Healthcare assistants expected to do nurse tasks without enough training

Healthcare assistants are being expected to do the work of nurses without adequate training or proper supervision, according to a survey by Unison.

According to the survey of 2000 healthcare assistants (HCA’s) across the UK, 63% of the support workers who took part reported that they were being left to care for patients without enough support from doctors and nurses.

The majority of respondents are working in hospitals, as well as in mental health, community settings and GP practices, and 39% said they did not feel comfortable that those they were caring for were safe.

Around half said that they had not received adequate training for performing tasks such as dressing the wounds of patients, giving out medication and changing stoma bags.

Also, two in five (41%) said they were asked to carry out tasks without adequate training more often than last winter, and over a third (37%) said they were asked to perform tasks without supervision more frequently than last year.

On the back of the survey results, Unison said it was calling on the government to address staffing issues so that HCA’s could feel “properly supported and patients received the care they deserve.”

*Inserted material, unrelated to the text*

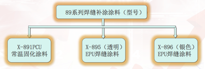 下面我就介绍一下我们的89系列焊缝补涂涂料,该系列涂料主要有:X-891PCU常温固化涂料、X-895(透明)EPU焊缝涂料、X-896(银色)EPU焊缝涂料,X-898印铁制桶专用焊缝涂料。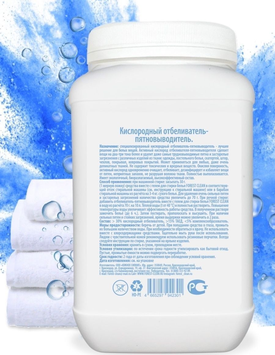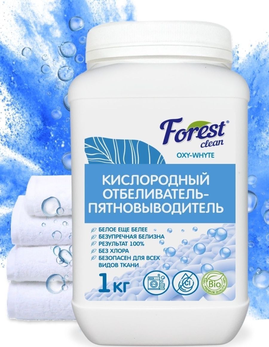 FOREST CLEAN Кислородный отбеливатель-пятновыводитель 1 кг Специализированный кислородный отбеливатель-пятновыводитель - лучшее решение для белых вещей. Активный кислород отбеливателя-пятновыводителя сделает вещи на два три тона белее и удалит даже самые трудновыводимые пятна и застарелые загрязнения с различных изделий и ткани: Одежды, постельного белья, скатертей, штор, чехлов, покрывал, ковровых покрытий. Может применяться для любых, даже очень деликатных тканей. Не содержит токсических и вредных веществ. окисляя поверхность, активный кислород одновременно очищает, отбеливает, дезинфицирует и избавляет вещи от пятен, неприятных запахов, не разрушая волокна ткани. Полностью выполаскивается. Имеет экологичный, биоразлагаемый, высокоэффективный состав.Способ применения: 1. Ручная стирка и отбеливание: На 5 л воды - Отбеливающая добавка 30 г (1 мерная ложка); 2. Автоматическая стирка и отбеливание: На 3 - 4 кг сухого белья - Отбеливающая добавка 30-70г (1-2 мерных ложек).

The growing trend of HCA’s acting as nurse substitutes has sparked concern that patients may receive inferior or potentially unsafe care because they do not have the same skills, and is the latest illustration of the NHS’s staffing crisis.

A Department of Health and Social Care spokesperson said: “Healthcare assistants are key members of the NHS workforce and employers must ensure they are supported to deliver safe care to patients as part of a wider team of doctors and nurses. We know the NHS have never worked harder.”

The creeping expansion of HCA’s roles, linked to the NHS in England’s shortfall of 40,000 nurses, has led to what the Royal College of Nursing (RCN) reported to be “nursing on the cheap”.

The RCN’s general secretary, Janet Davies, said: “Support workers play an extremely important role, but they should supplement the work of nurses, not replace them. It’s unfair on HCAs to expect them to deliver care they have not been trained for. It’s also unfair on patients.”

Health outcomes improve with more registered nursed on duty. The government must not allow nursing on the cheap, and increasing the supply of registered nurses must be a priority,” she added.